New Jersey is a wonderfully diverse place. Though a relatively small state, it has the highest population density in the U.S. It's also brimming with an immense amount of Italian-American residents.
I'm half-Italian, but I didn't grow up speaking a lick of the mellifluous tongue. From pizza and pasta to "The Sopranos," I was raised in a place where the notion of Italy is celebrated. However, it took me some time to note that this was not Italian culture, per se, but a slightly different "sect" altogether — an Italian-American history and culture that's rich in and of itself.
It wasn't until culinary school that I began to embrace all that the Italian-American experience has to offer, which is so much more than chicken parm. From bolognese and gnocchi to caponata and fennel, the breadth of Italian-American cuisine began to come into full view, and I've been eager to learn and consume as much as possible about the storied culture's food and history ever since. (It also didn't hurt that I have a killer Italian accent.)
One question that inevitably comes up is the vocabulary. Where did terms like rigott, muzzarell, manigott, gabagool or galamar come from? Why are they so vastly different from the technically "correct" pronunciations — ricotta, mozzarella, manicotti, capicolla and calamari — that are taught in Italian classes worldwide? The answer goes far beyond slang.
Let's talk about dialects
My friend Angela Gallo, who grew up speaking Italian in New Jersey and began to learn English at about four years old, spoke to me about this topic from her unique perspective. Angela noted that "the national language may be Italian, but every single town has a dialect, or a variation of the language, which is entirely unique to the people living there. When Italians first started immigrating to America in the late 19th century in hopes of a better future, the majority of them only knew how to speak in their local dialect. When these individuals arrived in America, they stuck together to face the unknown new world."
About five years ago, Gallo actually moved just outside of Matera southern Italy, where she teaches English to Italian speakers. She adds that "the pronunciations we're used to hearing when we find ourselves in an Italian specialty shop or talking to Italian-Americans are miles away from their real pronunciation. This is because the Italian immigrants that first started selling these products would call them in the only kind of Italian that they knew: their dialect name. And as the years passed and children took over their parents' stores, the dialect words followed and slightly morphed, thus leading to today's pronunciation of [certain] words. They're a mix of Italian dialect with a dash of English."
How Italian dialects gave today's Italian-American "slang"

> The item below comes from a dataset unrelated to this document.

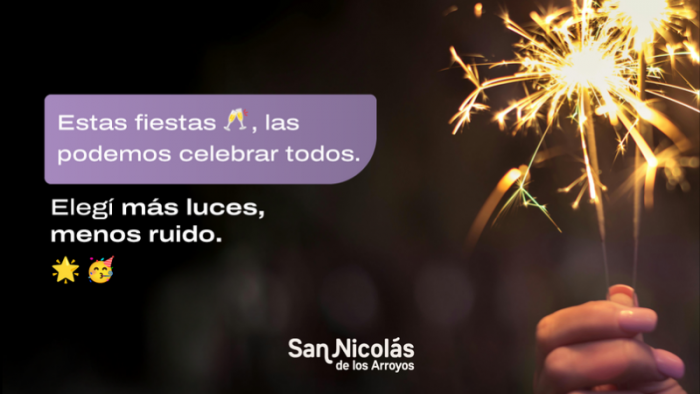 La Ordenanza 9836/2019 que fue aprobada por el Concejo Deliberante en el año 2018 prohíbe la utilización de elementos pirotécnicos de alto impacto sonoro y es por eso que la Municipalidad de San Nicolás impulsa una vez más la campaña “Más luces, menos ruido” para aumentar la conciencia social y disminuir la fabricación, comercialización y uso de pirotecnia en la ciudad.

There is a slew of literature on these topics, going more in-depth about how vocal chords vibrate when pronouncing certain letters or sounds, voiced vs. unvoiced consonants and other linguistic details. Brian Alcamoy notes in JP Linguistics that primarily Southern dialects have influenced the pronunciation of Italian-American words, resulting in words such as rigott. In many instances, the final syllable — which in some cases is just a single letter e.g., mortadell instead of mortadella — is dropped. This is further clarified in Best Of NJ, where Fabiana Santana writes, "Italian immigrants came from the south of Italy, where it was common to leave off the final vowel in a word and to change voiceless consonants, like the k-sounds in capicol, to voiced consonants, like the g-sounds in gabagool."
La Voce di New York states that "Italian is the fourth most studied language in the world and the fifth most studied foreign language in American universities." Determining how many people worldwide speak Italian dialects, however, is much more difficult to pinpoint. In "Italian Speech Varieties in the United States and the Italian-American Lingua Franca," Hermann W Haller notes that "due to the distance from the mother country, Italians living in the U.S. generally lacked exposure to standard Italian. They formed enclaves of predominantly Southern-Italian dialect speakers in a hegemonic cultural and linguistic environment which long considered Italian and 'ethnic' or 'immigrant' language with little prestige, not to be taught in the school system." According to Atlas Obscura's Dan Nosowitz, 80% of Italian-Americans hail from the south. That same article notes that the linguistic makeup of Italy in the 1800s was wildly disparate, and the southern islands of Sicily and Sardinia "were, basically, different countries."
Forging a new community
When these individuals emigrated to the U.S., they primarily dispersed throughout the Northeast. "Italian-American Italian is not at all like standard Italian. Instead, it's a construction of the frozen shards left over from languages that don't even really exist in Italy anymore, with minimal intervention from modern Italian," Nosowitz adds. In some ways, this new "language" allowed Italian immigrants to foster a new community in America. "They weren't allowed to speak Italian here, but didn't know how to speak English. This was how they were able to forge a community amongst themselves," Santana writes.
Like many immigrants, many Italian-Americans didn't teach the "home language," hoping that this would allow their children and grandchildren to learn English and assimilate more easily into the culture — as unfortunate as that may be. However, these peculiarities obviously stuck in an interesting way. In 2021, you can overhear someone order fresh mutz at a deli or galamar at a pizzeria. While there are certainly some additional Italian-American pronunciation quirks, such as sangwich or marscapone, that may be a linguistics conversation for another day.